RECORDS FOR PROCESSING:
Segment Open
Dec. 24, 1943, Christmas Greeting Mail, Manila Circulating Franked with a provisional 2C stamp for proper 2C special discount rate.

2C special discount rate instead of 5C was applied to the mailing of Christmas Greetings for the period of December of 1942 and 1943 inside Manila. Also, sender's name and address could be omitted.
Segment Closed
Segment Open
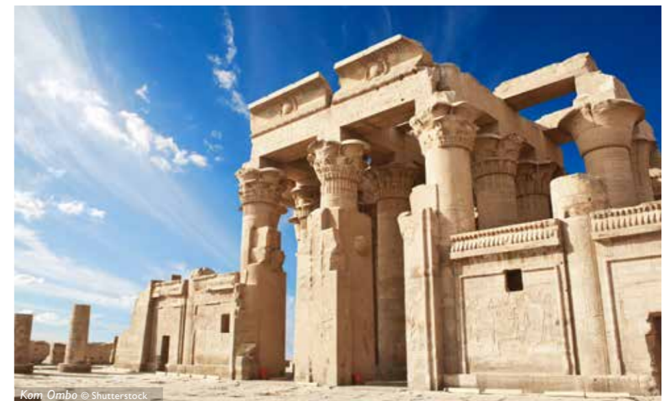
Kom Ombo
Segment Closed
Segment Open
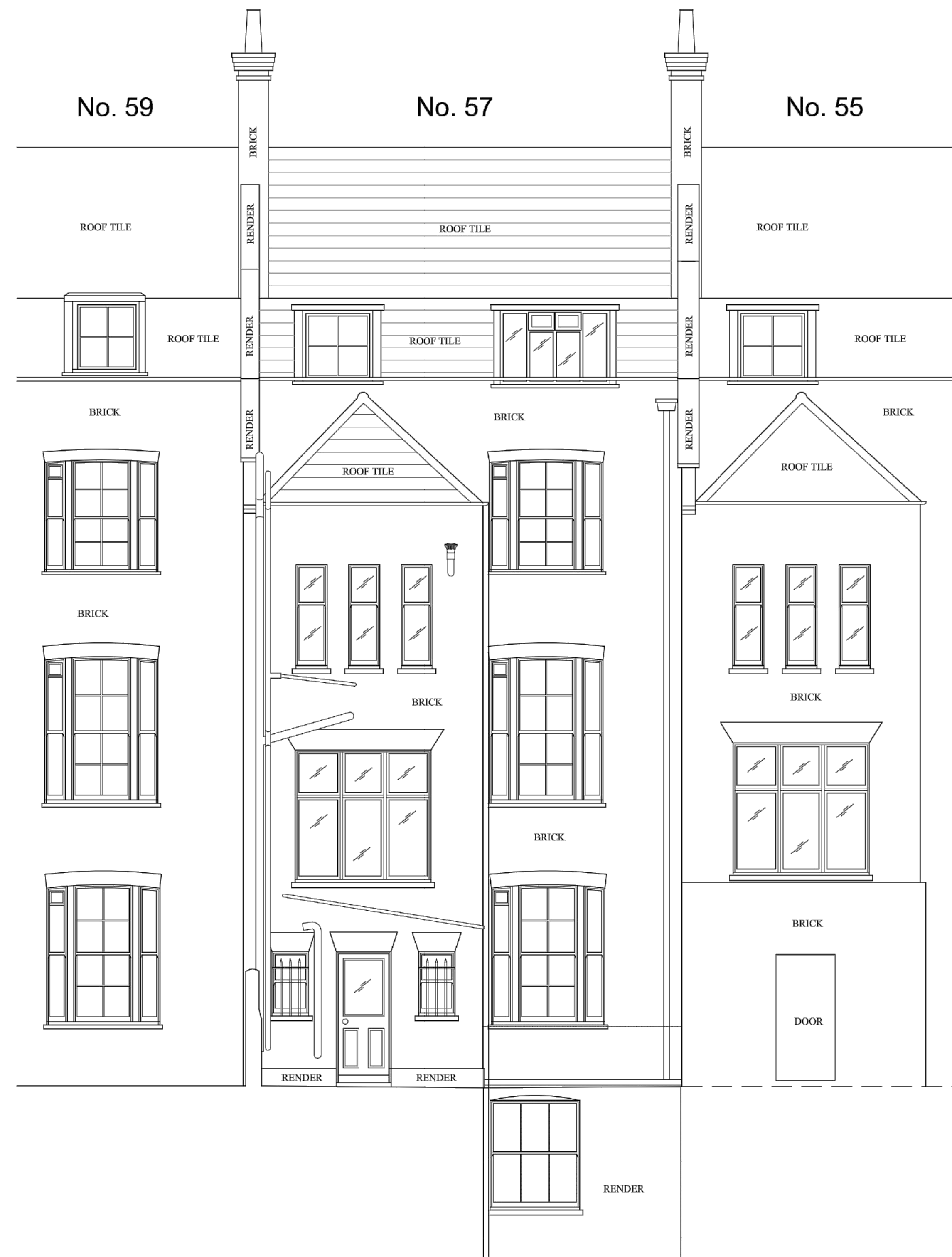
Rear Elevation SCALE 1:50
Segment Closed
REQUIRED WORK: Extract the lines of the preceding material that run from the line with "Dec. 24, 1943, Christmas" through the line with "2C special discount rate instead", inclusive, reproducing them exactly and adding nothing.

YOUR RESPONSE:
Dec. 24, 1943, Christmas Greeting Mail, Manila Circulating Franked with a provisional 2C stamp for proper 2C special discount rate.

2C special discount rate instead of 5C was applied to the mailing of Christmas Greetings for the period of December of 1942 and 1943 inside Manila. Also, sender's name and address could be omitted.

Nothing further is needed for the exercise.